When a developer is using a GODEBUG override, they need to be able to find out whether it is safe to remove the override. Obviously testing is a good first step, but production metrics can confirm what testing seems to show. If the production systems are reporting zeros for /godebug/non-default-behavior/<name>
, that is strong evidence for the safety of removing that override.
Having the GODEBUG settings is not enough. Developers need to be able to determine which ones to use when updating to a new Go toolchain. Instead of forcing developers to look up what is new from one toolchain to the next, setting the default to match the go
line in go.mod
keeps the program behavior as close to the old toolchain as possible.
When developers do update the go
line to a new Go version, they may still need to keep a specific GODEBUG set to mimic an older toolchain. There needs to be some way to bake that into the build: it‘s not okay to make end users set an environment variable to run a program, and setting the variable in main.main or even main’s init can be too late. The //go:debug
lines provide a clear way to set those specific GODEBUGs, presumably alongside comments explaining why they are needed and when they can be removed.
This API is needed for the go command and other tools to scan source files and find the new //go:debug
lines.
This provides an easy way for developers to understand which default GODEBUG their programs will be compiled with. It will be particularly useful when switching from one go
line to another.
This provides an easy way for developers to understand which default GODEBUG their existing programs have been compiled with.
The compatibility documentation should explain all this so developers know about it.
This entire proposal is about compatibility. It does not violate any existing compatibility requirements.
It is worth pointing out that the GODEBUG mechanism is appropriate for security deprecations, such as the SHA1 retirement, but not security fixes, like changing the version of LookPath used by tools in the Go distribution. Security fixes need to always apply when building with a new toolchain, not just when the go
line has been moved forward.
One of the hard rules of point releases is it really must not break anyone, because we never want someone to be unable to add an urgent security fix due to some breakage in that same point release or an earlier one in the sequence. That applies to the security fixes themselves too. This means it is up to the authors of the security fix to find a fix that does not require a GODEBUG.

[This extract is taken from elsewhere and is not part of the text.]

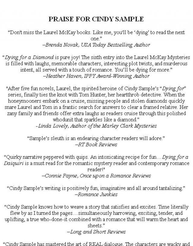 "After five fun novels, Laurel, the spirited heroine of Cindy Sample’s “Dying for” series, finally ties the knot with Tom Hunter, her heartthrob detective. When the honeymooners embark on a cruise, missing people and stolen diamonds quickly snare Laurel and Tom in a frantic search for answers to clear a framed relative. Her zany family and friends offer extra laughs as readers cruise through this polished whodunit that sparkles like a diamond.”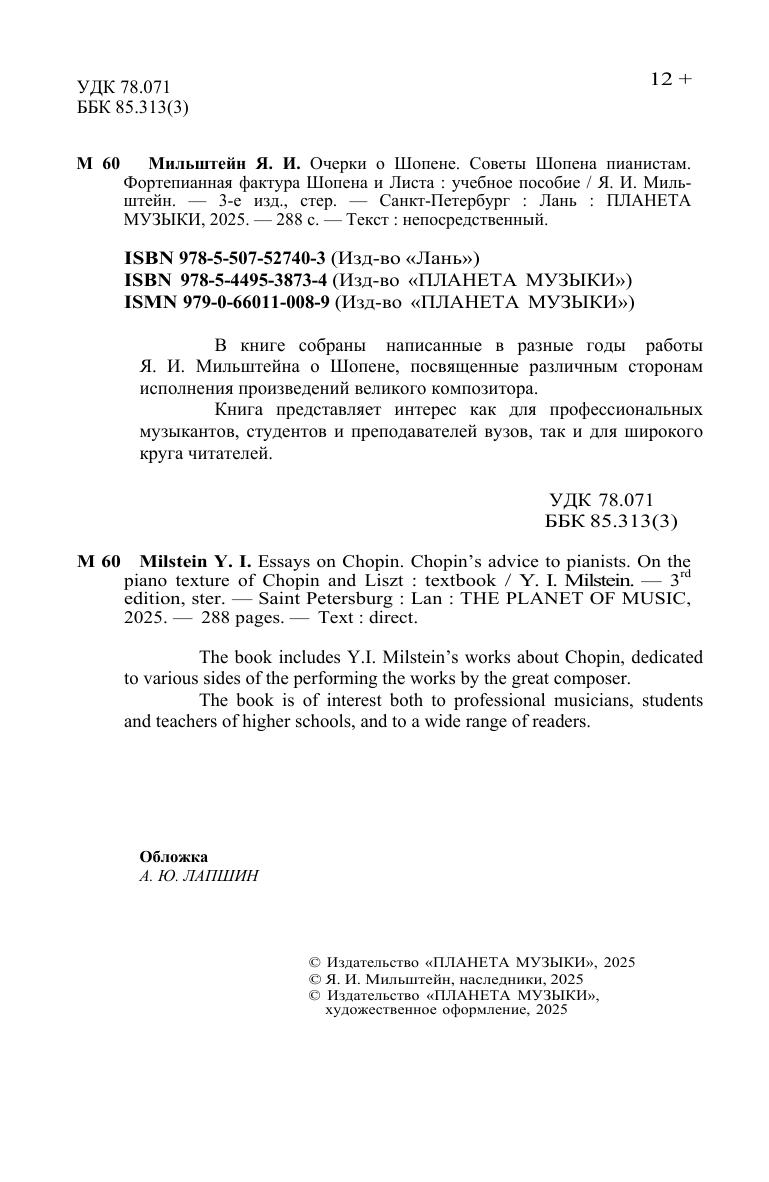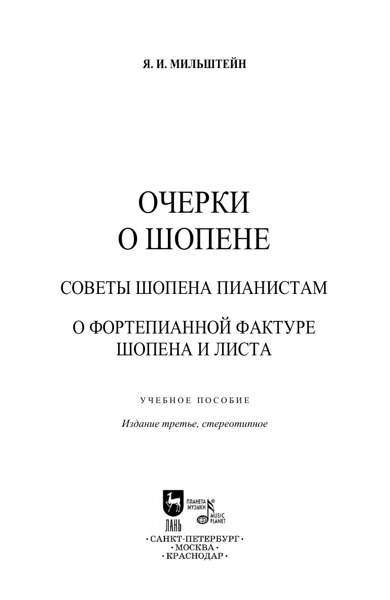 В книге собраны написанные в разные годы работы Я.И. Мильштейна о Шопене, посвященные различным сторонам исполнения произведений великого композитора. Книга представляет интерес как для профессиональных музыкантов, студентов и предодавателей ВУЗов и средне-специальных учебных заведений, так и для широкого круга читателей.

LookPath is a good example. There was a reported bug affecting go toolchain programs, and we fixed the bug by making the LookPath change in a forked copy of os/exec specifically for those programs. We left the toolchain-wide fix for a major Go release precisely because of the compatibility issue.
The same is true of net.ParseIP. We decided it was an important security-hardening fix but on balance inappropriate for a point release because of the potential for breakage.
It‘s hard for me to think of a security problem that would be so critical that it must be fixed in a point release and simultaneously so broad that the fix fundamentally must break unaffected user programs as collateral damage. To date I believe we’ve always found a way to avoid such a fix, and I think the onus is on those of us preparing security releases to continue to do that.
Overall the implementation is fairly short and straightforward. Documentation probably outweighs new code. Russ Cox, Michael Matloob, and Bryan Millls will do the work.
A complete sketch of the implementation is in CL 453618, CL 453619, CL 453603, CL 453604, and CL 453605. The sketch does not include tests and documentation.